# 18 hole cloner...should i?



## tcooper1 (May 10, 2008)

I have a 18 hole cloner and want to try my hand at SOG.My questions are do i plant all 18 holes or do i leave a space between plant.Also when i get ready to put them in bloom do i cut off all the leaves or branches.How exactly do i get it to be one big bud? And How tall should they be when i put them in bloom.
I am sorry I have to post a thread to ask.I have tried to find a thread to answer my questions.....but short of reading EVERYONE of the threads(cuz you cant tell what is ask by the title in some threads).After reading a few pages,I thought I would ask.:hairpull: 
thank you for your help!!!!!I have learn so much from the people here.This is a great place to learn thank you again


----------



## massproducer (May 10, 2008)

so are you saying that you have a cloner and you want to grow the plants in it?  If so that is not a good idea


----------



## tcooper1 (May 10, 2008)

I am sorry but i thought of a few more questions....when SOGing do you use thr rockwell in baskets or can you leave it as a cloner?


----------



## tcooper1 (May 10, 2008)

massproducer said:
			
		

> so are you saying that you have a cloner and you want to grow the plants in it?

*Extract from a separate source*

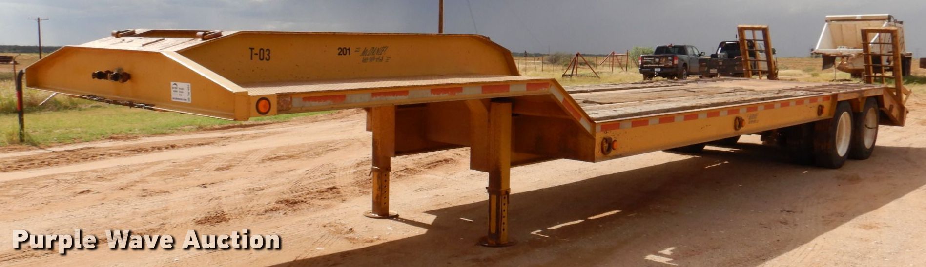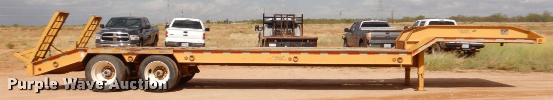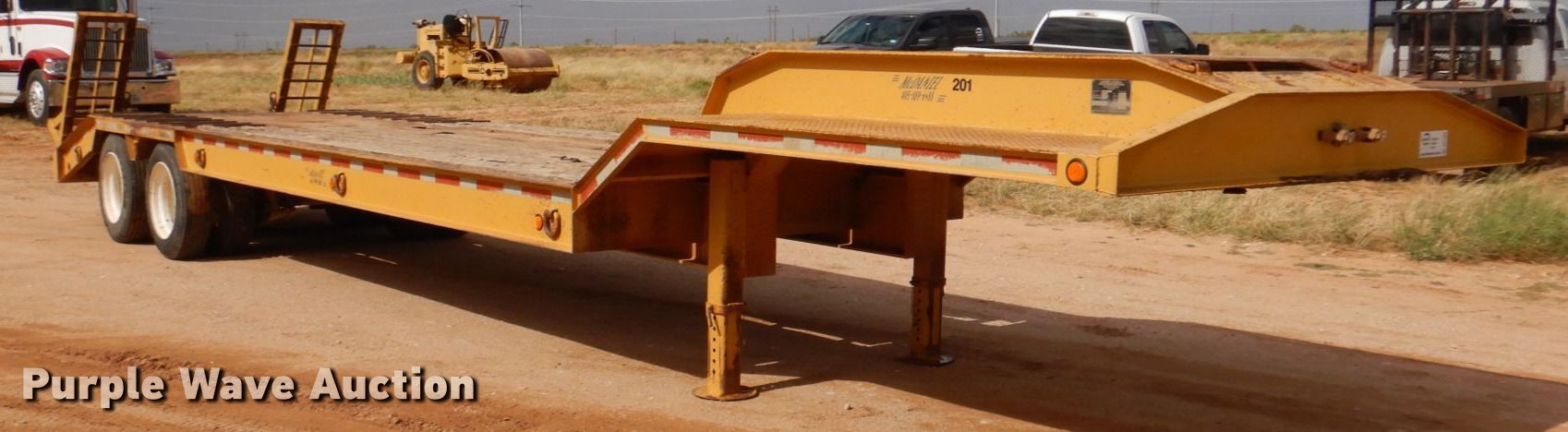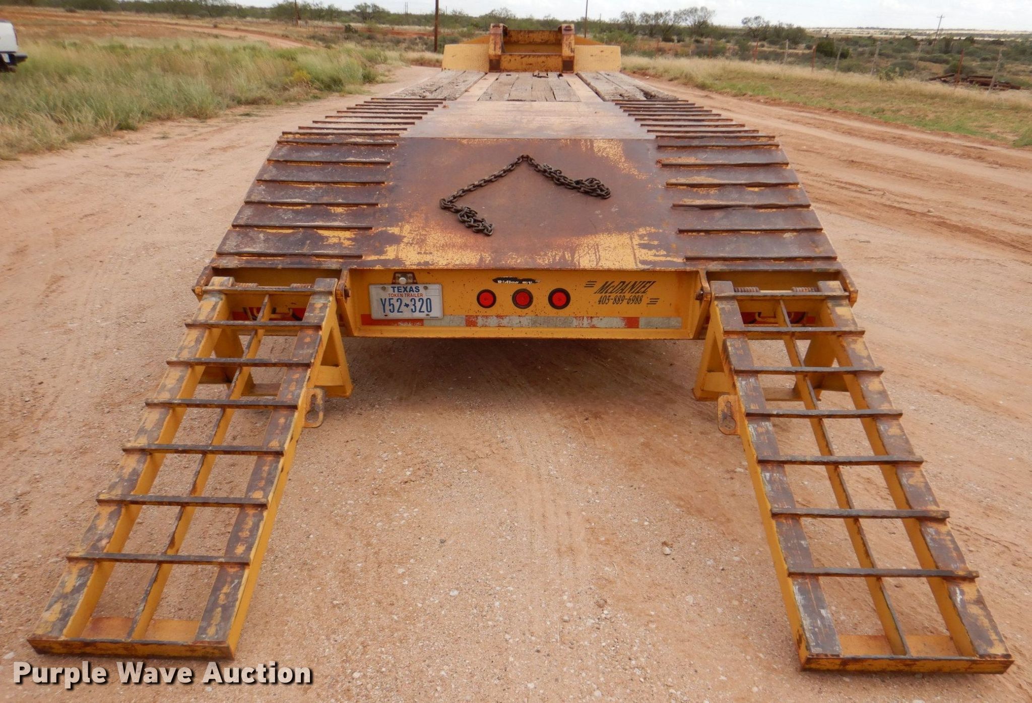 1995 McDaniel 18DE-35-2 equipment trailer. VIN: 1M9GN4021SA103012. Dimensions Overall: 41' L x 102" W, Deck: 25' 9" L x 102" W, Top deck length: 10', Tail length: 52", Ramps: Manual Length: 5'. Features Deck type: Steel, Wood. Chassis Hitch: Gooseneck, Landing gear: Dual, Suspension: Spring, Brakes: Air, Axles: Tandem, GAWR: 25,000 lbs. Tires Steel wheels, Size: 255/70R22.5. Texas title. Rowdy's Backhoe Construction. 8001 FM1606. Ira, TX 79527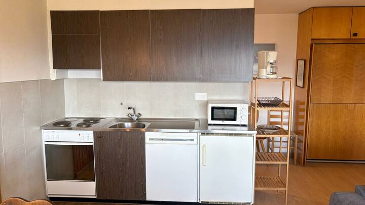 Starehe 2* fleti ya 40 m2 kwenye ghorofa ya chini. Sebule angavu yenye televisheni na kitanda cha ghorofa cha watu 2. Jiko lililo wazi lenye sehemu ya friji/friji, oveni, mashine ya kuchuja kahawa, mashine ya kuosha vyombo, kibaniko, microwave.

If so that is not a good idea


Ya I was wondering if i can do that? It is a bubbler cloner


----------



## massproducer (May 10, 2008)

Basically a SOG grow is the same as a normal grow only you limit your veg time and squeeze more plants into the space.  So instead of growing 10 big plants you grow 30 small single cola plants


----------



## tcooper1 (May 10, 2008)

Why is that not good.....do i need rockwell and baskets...ect ect....Is there a thread I can go to that will show me what I need to build my own thing i need to do the sog thing:hubba:


----------



## massproducer (May 10, 2008)

there is just not enough room for the plants or for the roots.  Even with SOG plants will still be like 2-3 feet especially when talking about using a bubbler.

Plus you need a way to anchor the plants when they start getting bigger and heavier.  In a DWC system that is what a medium of hydroton is for, it basically anchors the plants so they dont just fall through into the rez, or just tip over.

Yes you need net pots but you do not need rockwool.


----------



## tcooper1 (May 10, 2008)

I just went it and look at your SCROG thread and "thats what i want my babies to grow up like"  lol Is the only difference between scrog and sog is a screen? Thank you so much for your help....What I was reading ...Boy I had it all screwed up....i would have killed a few babies.....Thanks again Massproducer you have saved a few girls.....And helped me learn to do it right.....thanks again...your the best!!!!


----------



## massproducer (May 10, 2008)

no prob T, basically the difference between the two is mainly the veg time.  With a SOG you basically give no veg time, maybe 7 days, sometimes no veg time at all.

With a Scrog, you have to veg until your screen is about 50% full then you flip to 12/12 and let the rest of the screen fill.  A scrog is like LST'ing(low stress training) but only you use a screen to have more controll of each branch.


----------



## tcooper1 (May 10, 2008)

I went and look at a DWC.....I THINK I LIKE IT......I have a fog cloner...do I use that then into the DWC or do i just clone and veg and bloom all in the DWC container?   THANK YOU SO MUCH FOR YOUR HELP i realy want to learn to grow this way....you have been so much help......couldnt do it right without you


----------



## massproducer (May 10, 2008)

Yep you root your cuttings in the cloner, and then transfer them to your DWC system.  You will be an expert soon because you do what other do not, what that is...Is research and read, you are well on your way


----------



## tcooper1 (May 10, 2008)

I went in and look at your "make a bubble cloner" and all your wisom answered my question above. Thank you so very much....I WILL BE REFERING BACK TO YOUR THREAD alot TO BULID MY OWN.......I am going to see if I can build a DWC also...cant be to much difference.....thanks again Massproducer....you have help me alot.more then you know....(smiling at you and giving you a very big hug)


----------



## massproducer (May 10, 2008)

anytime, just let me know when you make your DWC and any help I can offer, you have it forsure


----------



## tcooper1 (May 10, 2008)

Thank you....I sure will take you up on your wisdom.The more I can learn ..the better
I think you should rename yourself......"MASTERTEACHER" Your the best
forever your student
tc


----------



## smokybear (May 10, 2008)

DWC is a great method and is very easy. It's great because you can build your own system for pretty cheap and you can customize it to whatever you wish. I wish you the best of luck. Make sure to keep us posted on your progress. Take care and be safe. Nice work MassP.


----------



## 0b1kinsmokey (May 11, 2008)

it could be done


----------